Studio album by Penguin Cafe Orchestra
- Released: March 1987
- Recorded: 1985–1987
- Genre: Instrumental folk
- Length: 50:36
- Label: E.G. Records
- Producer: Simon Jeffes

Penguin Cafe Orchestra chronology
| Broadcasting from Home (1984) | Signs of Life (1987) | When in Rome (1988) |

= Signs of Life (Penguin Cafe Orchestra album) =

Signs of Life is the fourth studio album by the Penguin Cafe Orchestra. It was recorded at the Penguin Cafe between 1985 and 1987 and released in March 1987. It includes "Perpetuum Mobile", one of their most famous pieces.
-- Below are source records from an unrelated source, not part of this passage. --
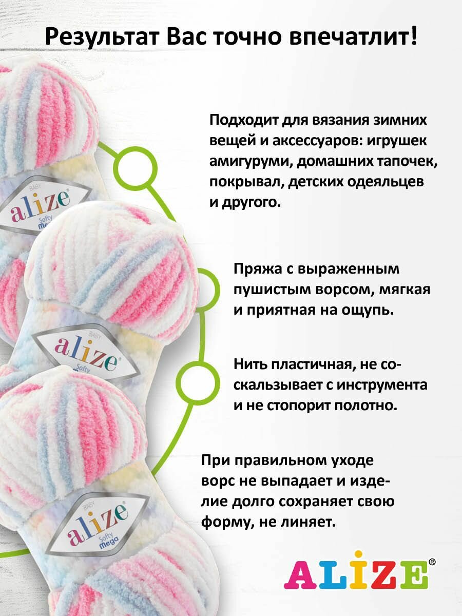 Отзывы на Пряжа Softy mega, Alize, принт - 5945, 100% микрополиэстер, 5 мотков, 100 г., 70 м.
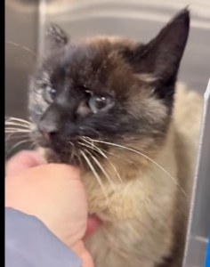 — Update on Lily – She’s missing most of her tail and one ear but she is literally the sweetest cat just trying to get snuggles. Because she was found starving, she’s a prime candidate for feeding syndrome so she is being fed itty-bitty amounts at a time until she can recover.
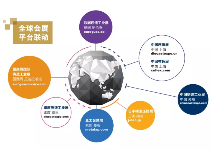 全球壓鑄聯(lián)動平臺(Global Die Casting Family)致力于為壓鑄行業(yè)打造專業(yè)化的全球展會聯(lián)動平臺。除了世界知名的EUROGUSS德國壓鑄工業(yè)展,先后連接中國、泰國、印度和墨西哥等全球主要壓鑄、鑄造產(chǎn)業(yè)國家和地區(qū)市場,基于展會形式服務(wù)壓鑄行業(yè),垂直深入行業(yè),了解行業(yè)前沿動態(tài),為中國壓鑄行業(yè)提供先進(jìn)的全球壓鑄市場和行業(yè)資訊,高質(zhì)量的全球參展參觀服務(wù)!
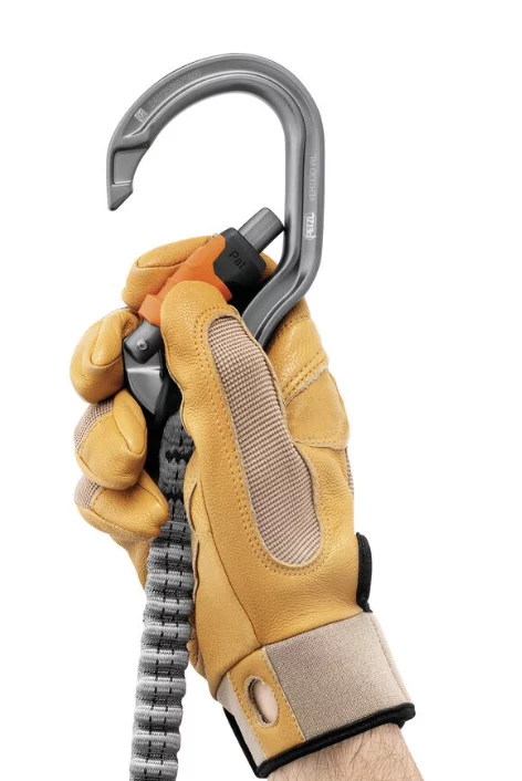 – Mosquetón de gran abertura para mosquetonear/desmosquetonear con facilidad los cables.
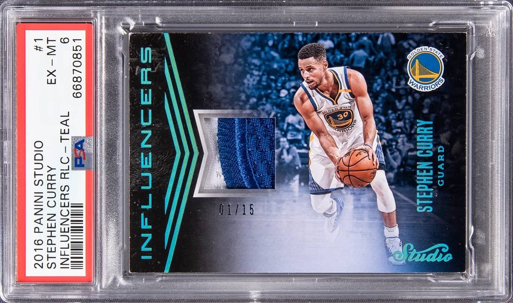 2016-17 Panini Studio Influencers Relics Teal #1 Stephen Curry Patch Card (#01/15) – PSA EX-MT 6 – Pop 1

The album reached number 49 in the UK Albums Chart.

Professional ratings
Review scores
| Source | Rating |
| Allmusic | Star |

==Track listing==
All music composed by Simon Jeffes.

===Side one===
1. "Bean Fields" - 4:20
2. "Southern Jukebox Music" - 4:39
3. "Horns of the Bull" - 4:32
4. "Oscar Tango" - 3:12
5. "The Snake and the Lotus (The Pond)" - 2:57
6. "Rosasolis" - 4:12

===Side two===
1. "Dirt" - 4:46
2. "Sketch" - 3:19
3. "Perpetuum Mobile" - 4:26
4. "Swing the Cat" - 3:19
5. "Wildlife" - 10:54

==Personnel==
- Simon Jeffes - Ukulele/Violin/Omnichord (1), Bluthner Piano (2), Fretless Guitar/Ring Modulation (3), Bluthner and Bosendorfer Piano (4), Bass Guitar/Soloban Shakers (5), Omnichord/Prophet V (6), Rhythm Violins/Whistles (7), Cuatros/Ukulele/Bass/Drum (8), Bosendorfer Piano/Prophet V/Drum (9), Violins/Cuatro (10), Triangles/Guitar/Tape (11)
- Danny Cummins - Percussion (6), Shakare (7)
- Helen Liebmann - Cello (1, 2, 4, 6, 9, 10, 11)
- Bob Loveday - Violins/Bass (2), Harmony Violin (4), Violins (6), Solo Violin (7), Violins (9), Kalimba (10)
- Steve Nye - Bluthner Piano (1), Wurlitzer Piano (7)
- Elizabeth Perry - Violins (4, 9)
- Neil Rennie - Cuatro (1), Ukulele (7)
- Geoffrey Richardson - Viola (2, 4, 6)
- Gavyn Wright - Violins (4, 9)

==Other information==
"Perpetuum Mobile" was sampled by Swedish DJ Avicii in his 2011 single "Penguin," aka "Fade into Darkness", which in turn was sampled by British recording artist Leona Lewis in her 2011 single "Collide".

Additionally, the song was used as the main theme for the film Mary and Max.